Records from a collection
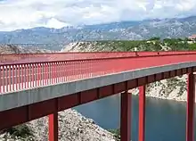 Maslenica Bridge (Croatian: Most Maslenica,[1] but also known as Croatian: Maslenički most) is a 377.6 m (1,239 ft) long reinforced concrete arch bridge spanning the Novsko Ždrilo strait of the Adriatic Sea, north of Zadar, Croatia, carrying the Croatian A1 motorway. It is located between the Maslenica and Posedarje interchanges of the A1 motorway.[2]
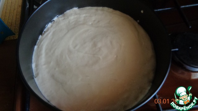 Форму (диаметр 24 см) застелить пергаментом, смазать и выложить тесто. Выпекать при 180 градусах до готовности (до сухой спички).
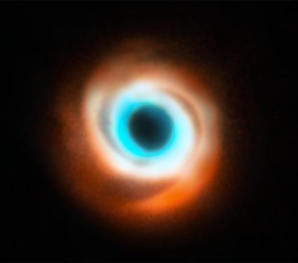 A swirl of gas and dust orbits a young star...
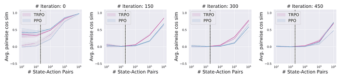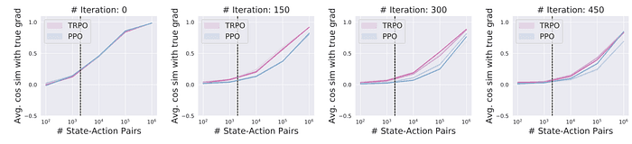 Figure 2. Sample 개수에 따른 sampled gradient와 true gradient 사이의 평균 cosine similarity. PPO에서 어느 정도 유의미한 similarity(cos similarity>0.5, 사이각 60도 이하)를 보이려면 적어도 ¹⁰⁵개 정도의 샘플은 필요하다는 것을 알 수 있다.
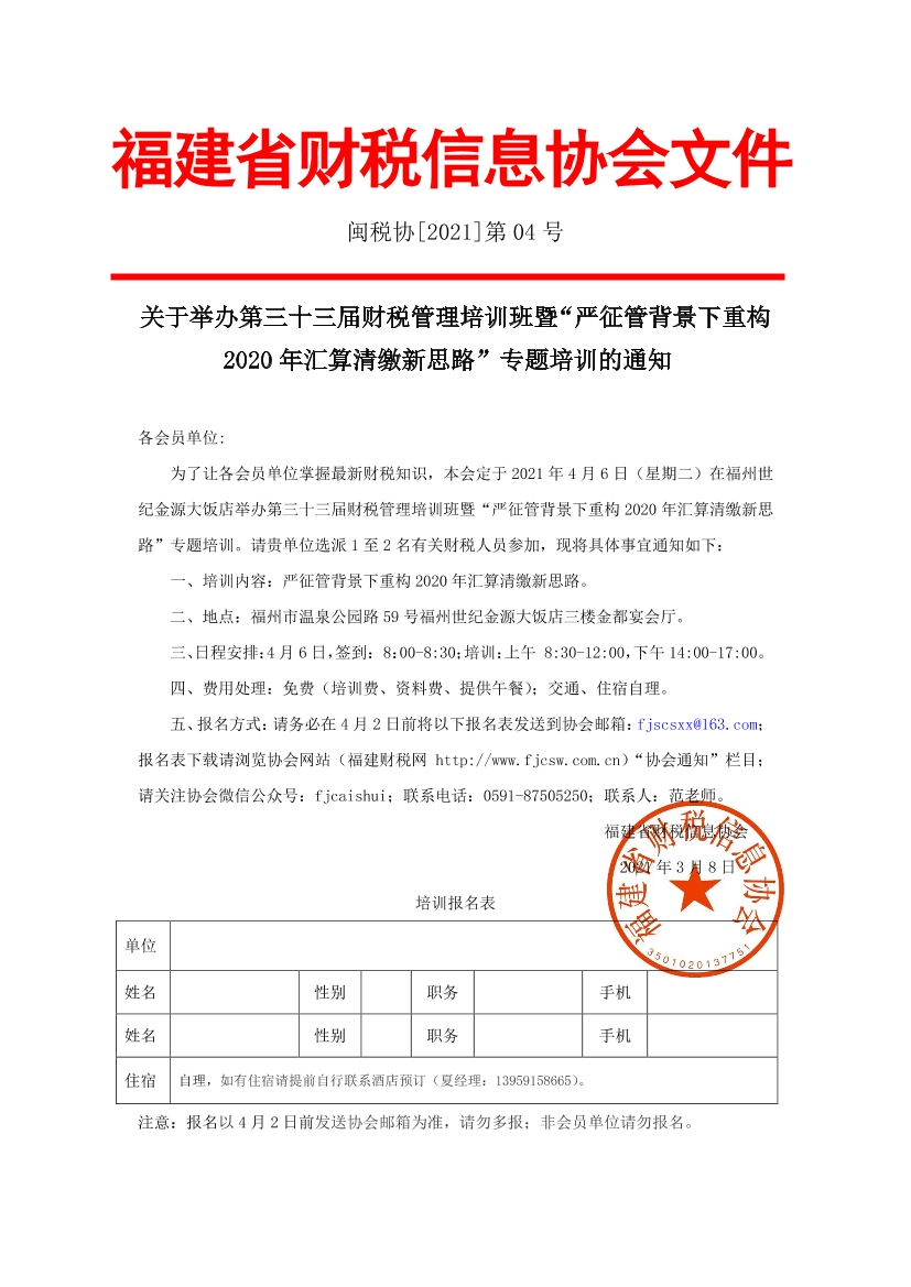 為了讓各會員單位掌握最新財稅知識,本會定于2021年4月6日(星期二)在福州世紀(jì)金源大飯店舉辦第三十三屆財稅管理培訓(xùn)班暨“嚴(yán)征管背景下重構(gòu)2020年匯算清繳新思路”專題培訓(xùn)。
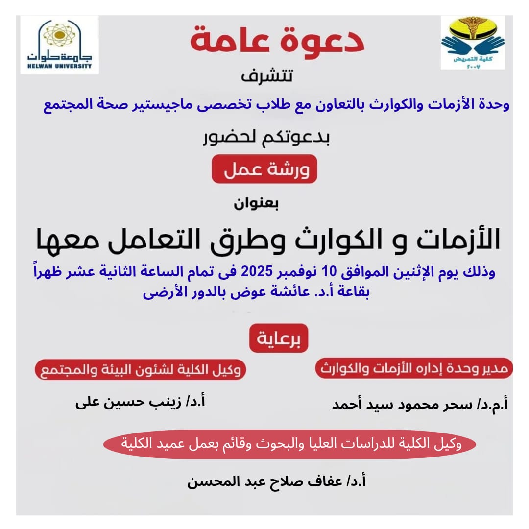 تحت رعاية السيد الأستاذ الدكتور السد قنديل رئيس الجامعة والأستاذ الدكتور وليد السروجى نائب رئيس الجامعة لتنمية البيئة وخدمة المجتمع و تحت رعاية أ.د عفاف صلاح عبدالمحسن قائم بعمل عميد الكلية وريادة أ.د زينب حسين على وكيل الكلية لخدمة البيئة وتنمية المجتمع و في إطار حرص كلية التمريض على تجهيز كوادر تمريضية مؤهلة للتعامل مع المواقف الطارئة داخل المؤسسات الصحية، نظمت الكلية ورشة عمل تدريبية بعنوان "إدارة الأزمات والكوارث وطرق التعامل معها". قدمت الورشة أ.م.د. سحر محمود سيد أحمد، مدير وحدة إدارة الأزمات والكوارث بكلية التمريض – جامعة حلوان.
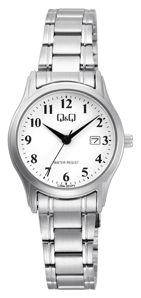 Q&Q C28A-001PY armbandsur för kvinnor är tillverkat av hållbar legering och har en 28 mm bred och 9,2 mm tjock boett med en totalvikt på 51 gram. Ett tåligt mineralglas skyddar den vita urtavlan med datum vid klockan 3. Armbandet i rostfritt stål är 14 mm brett vid fästpunkten och 130 till 190 mm långt. Klockan drivs av ett batteridrivet kvartsurverk av märket Miyota 2015 med en gångtid på ca 3 år. C28A-001PY är vattenresistent till 30 m/3 atm, vilket innebär att den är stänkskyddad.

- _TASK TO COMPLETE_
Set down the records again exactly as they appear, leaving each picture behind.

- _ANSWER BOX_
 Maslenica Bridge (Croatian: Most Maslenica,[1] but also known as Croatian: Maslenički most) is a 377.6 m (1,239 ft) long reinforced concrete arch bridge spanning the Novsko Ždrilo strait of the Adriatic Sea, north of Zadar, Croatia, carrying the Croatian A1 motorway. It is located between the Maslenica and Posedarje interchanges of the A1 motorway.[2]
 Форму (диаметр 24 см) застелить пергаментом, смазать и выложить тесто. Выпекать при 180 градусах до готовности (до сухой спички).
 A swirl of gas and dust orbits a young star...
 Figure 2. Sample 개수에 따른 sampled gradient와 true gradient 사이의 평균 cosine similarity. PPO에서 어느 정도 유의미한 similarity(cos similarity>0.5, 사이각 60도 이하)를 보이려면 적어도 ¹⁰⁵개 정도의 샘플은 필요하다는 것을 알 수 있다.
 為了讓各會員單位掌握最新財稅知識,本會定于2021年4月6日(星期二)在福州世紀(jì)金源大飯店舉辦第三十三屆財稅管理培訓(xùn)班暨“嚴(yán)征管背景下重構(gòu)2020年匯算清繳新思路”專題培訓(xùn)。
 تحت رعاية السيد الأستاذ الدكتور السد قنديل رئيس الجامعة والأستاذ الدكتور وليد السروجى نائب رئيس الجامعة لتنمية البيئة وخدمة المجتمع و تحت رعاية أ.د عفاف صلاح عبدالمحسن قائم بعمل عميد الكلية وريادة أ.د زينب حسين على وكيل الكلية لخدمة البيئة وتنمية المجتمع و في إطار حرص كلية التمريض على تجهيز كوادر تمريضية مؤهلة للتعامل مع المواقف الطارئة داخل المؤسسات الصحية، نظمت الكلية ورشة عمل تدريبية بعنوان "إدارة الأزمات والكوارث وطرق التعامل معها". قدمت الورشة أ.م.د. سحر محمود سيد أحمد، مدير وحدة إدارة الأزمات والكوارث بكلية التمريض – جامعة حلوان.
 Q&Q C28A-001PY armbandsur för kvinnor är tillverkat av hållbar legering och har en 28 mm bred och 9,2 mm tjock boett med en totalvikt på 51 gram. Ett tåligt mineralglas skyddar den vita urtavlan med datum vid klockan 3. Armbandet i rostfritt stål är 14 mm brett vid fästpunkten och 130 till 190 mm långt. Klockan drivs av ett batteridrivet kvartsurverk av märket Miyota 2015 med en gångtid på ca 3 år. C28A-001PY är vattenresistent till 30 m/3 atm, vilket innebär att den är stänkskyddad.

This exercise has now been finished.